My experience of Spanish builders/tradesmen is nothing short of extremely positive. The guy we call now for everything hires all sorts and so far we've had Portuguese, Moroccans as well as Spaniards here. All very conscientious hard workers. Just as good are the Central Europeans. And they're cheap. They all speak Spanish too.

imho - Whilst not decrying UK trading standards at all - they're NOT THE SAME as SPANISH STANDARDS either. So for a start you or your lads may need to get retrained anyway. 

Certainly at a work level you'll need somebody on board to get ANY permits from the town hall (which you need for just about any work). i.e they'll NEED to be very fluent in Spanish - and know building terminology. If the assessor cant understand what you want to do - he'll say NO. If you expect your clients to do this they'll go elsewhere - I would. All you need is one "obra" halted for permit irregularities - you'll be dead in the water -nd since the Marbella corruption issues - THEY'RE VERY HOT ON THIS

I met one or two Brit "builders" on a trip to the coast (to see my parents who were an a SAGA hol') who were most certainly NOT up on local spec's (because they were complaining very vocally they'd been rejected jobs due to this). 
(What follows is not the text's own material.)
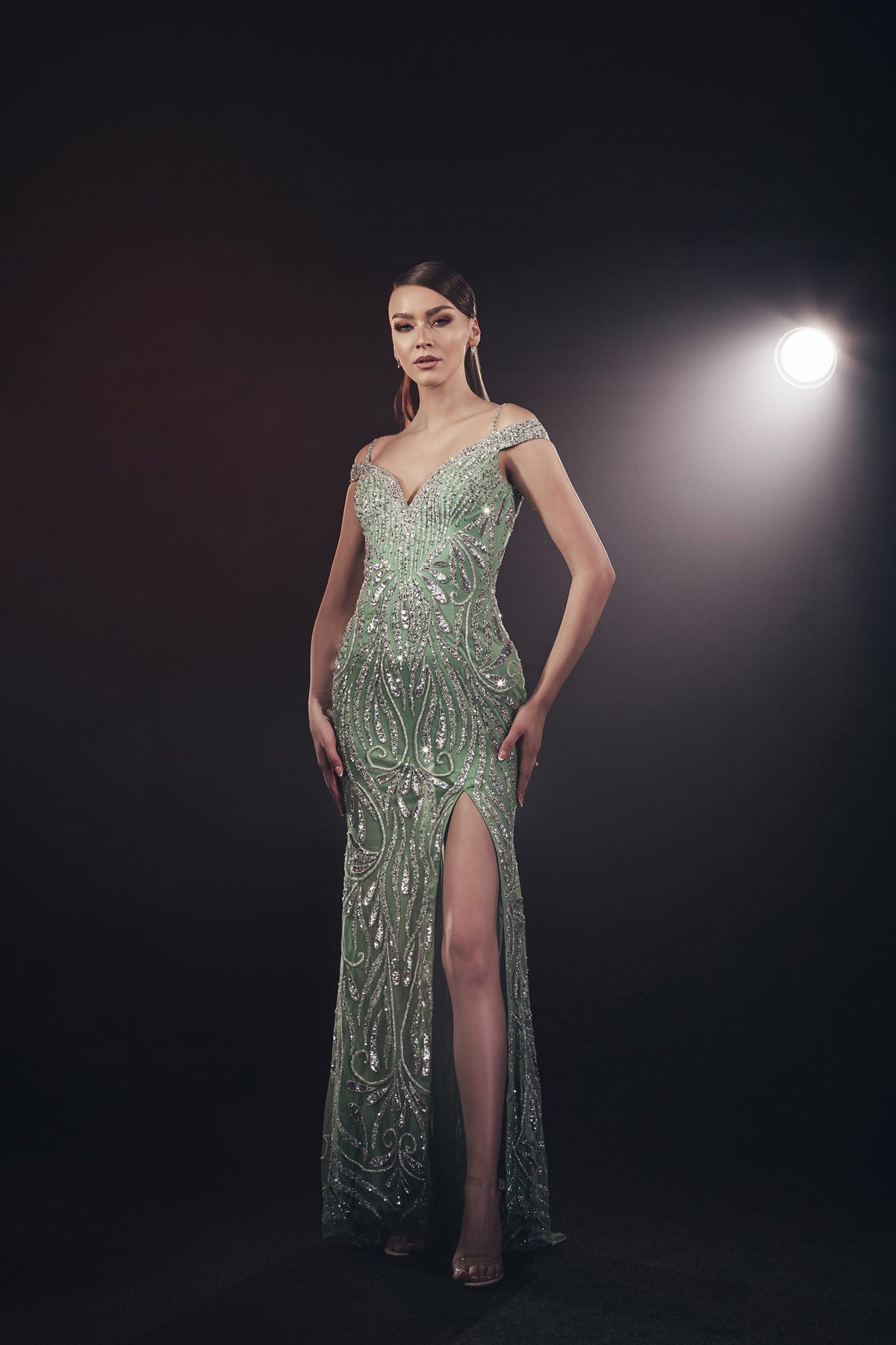 Slip into pure elegance with this stunning sleeveless long dress that's ready to turn heads. Adorned with intricate beading that catches the light beautifully, this showstopper features a daring high slit that adds just the right amount of sass to your sophisticated look. Perfect for galas, weddings, or any occasion where you want to feel absolutely fabulous, this dress combines timeless glamour with modern edge. The flowing silhouette and delicate beadwork create an unforgettable impression that says you've arrived—and you're here to slay.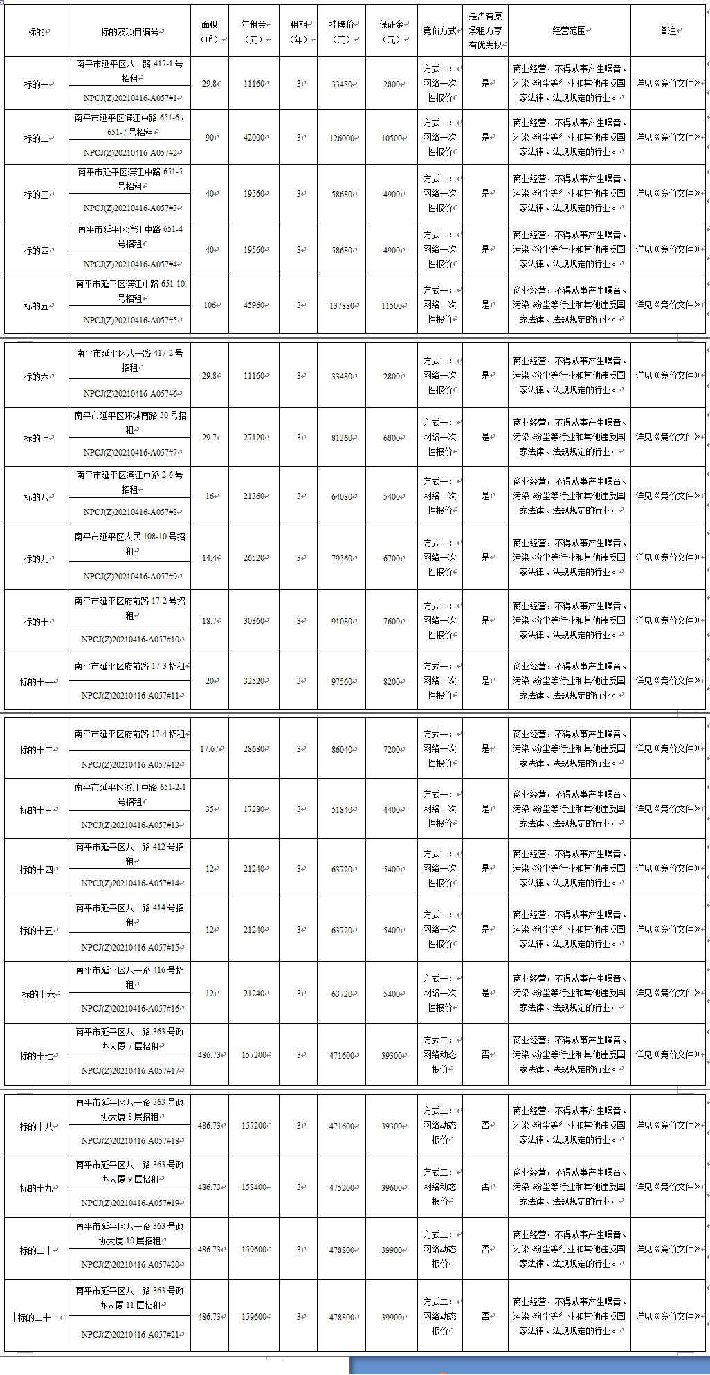 南平市延平區八一路417-1號,南平市延平區濱江中路651-6、651-7號,南平市延平區濱江中路651-5號,南平市延平區濱江中路651-4號等21處資產招租

I'd not even give a Brit builder a call if he traded HEAVILY on that fact. A local builder matching the locals who's a Brit is something else.

If I go to a Spaniard ime I'll get local Spec's met - which matters even more if it was built thus to start with. And he'll know HOW BEST to get the permits. No it does not mean backhanders - but knowing how&when to visit plays a part.

btw Modifying RENTED property here is a very grey area - The landlord HAS TO APPROVE and if they're Spanish they'll have a tame builder. 

Right now, imo, setting up ANYTHING here to do with building is dodgy. There simply is NOT enough work to go around. 

My guess btw is that many folk with BAD experience of Spanish builders experienced communication issues. There are some cowboys of course (as everywhere) and they do take advantage of folk not knowing or being able to articulate complaints. I had one pair try it on when they put in some windows - they ended up working FAR longer than they expected. 

Sorry - but as has been said - I think you're onto a loser.


----------